What about the process by which you ascertain the meanings of these semiotic structures?
Synchronous firing of neural networks in the brain.
Lifeless matter just happened upon this ability by chance and by time?
No, by mutation and natural selection. Hardly chance.
It's all around you, Mr Ben, it's in your face, and you work aggressively, feverishly, to deny it. Put your fingers in your ears, clench your eyelids shut, and keep saying to yourself, "God isn't real.
He may be real, but I don't believe in your particular version of him. He is self contradictory, and does things that don't make a whole lot of sense to me. He seems to match the pattern of a mythical figure in a set of legendary stories, which is what I figure he probably is.
I know He isn't real. God doesn't exist. Reason sprang out of chaos.
Not only did reason spring out of chaos, but we actually have physical evidence of how it did. But what's evidence compared to what is written in a book that may or may not be the word of what may or may not be God?
Things can naturally become their opposites. We don't need God. God is unnecessary. We explain everything just fine without Him."
Yeah.. seems so, except for the bit about the opposites... where'd you get that part?

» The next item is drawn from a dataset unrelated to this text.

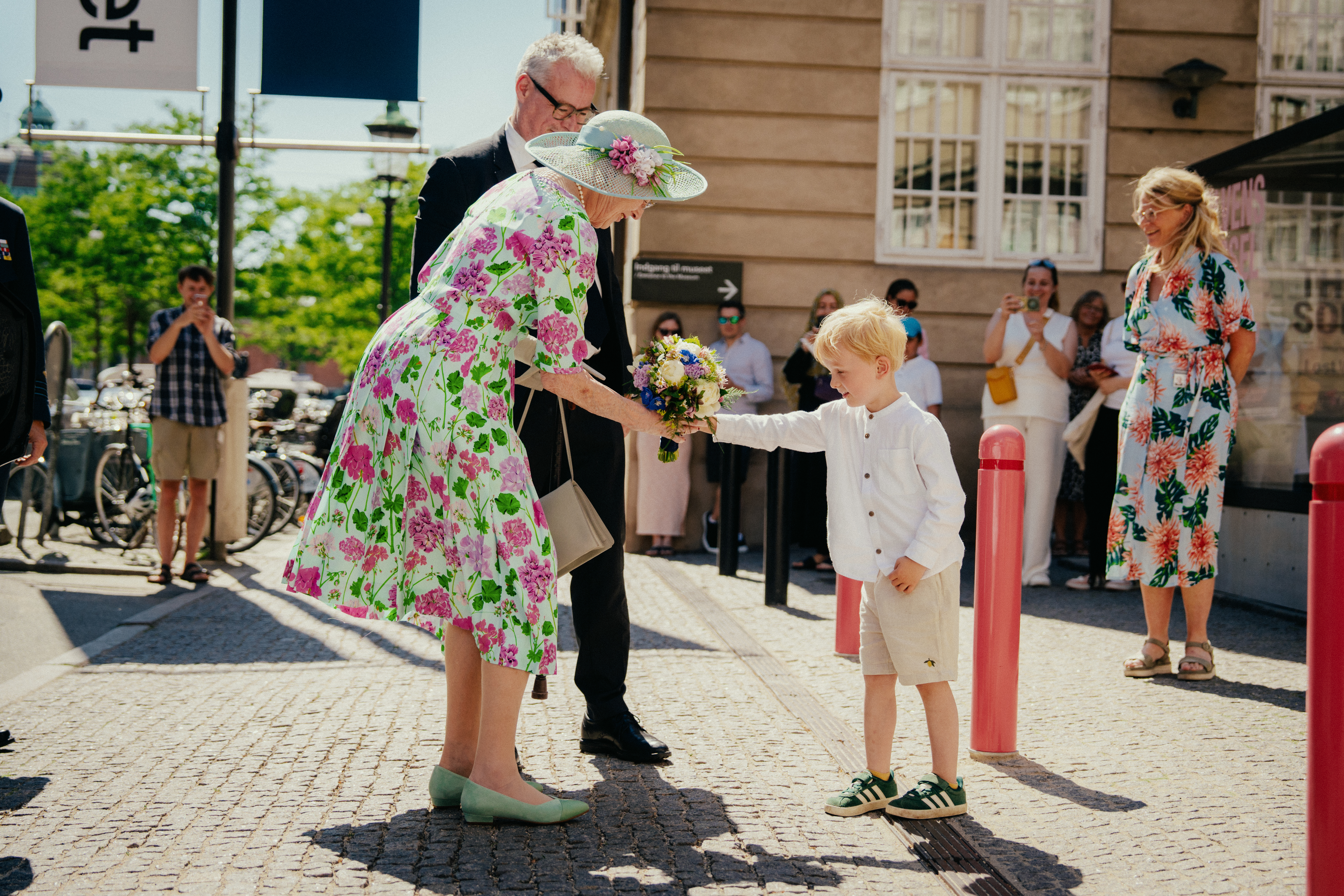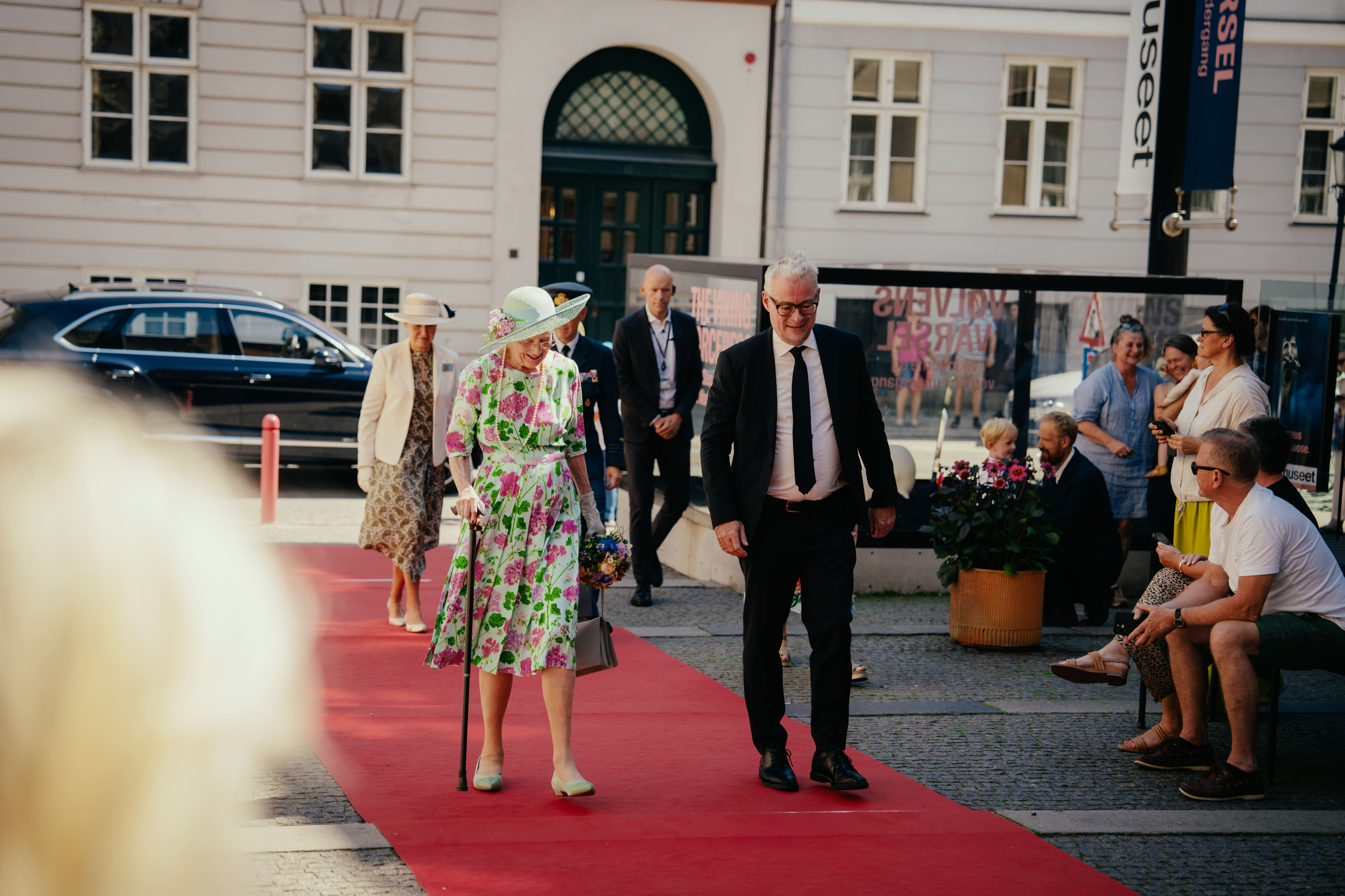 Kl. 15.00: H.M. Dronningen og følge ankommer. Nationalmuseets direktør Rane Willerslev og blomsterdreng tager imod H.M. Dronningen.

Then, by every sentence that came out of your mouth, you will have refuted every sentence that came out of your mouth. Because there can be no sentences where there are not particulars.
Yes, that's very true.
Since any one will do that answers the question, it really doesn't matter which one we come up with.
And there can be no interpretation where there are no universals. And there can be no intelligibility without the precondition that brings the two together, namely the existence and attributes of God, which I've described, and will describe again if you would like to be reminded.
Yes, he is a triune God. But as I've already explained.. a triune God simply does not have enough manifestations to answer these connundrums. He must have at least four manifestations.. so that would rule out the christian God.
...
Anyhow.. I'm tired.. I'll have to pick this up some other time.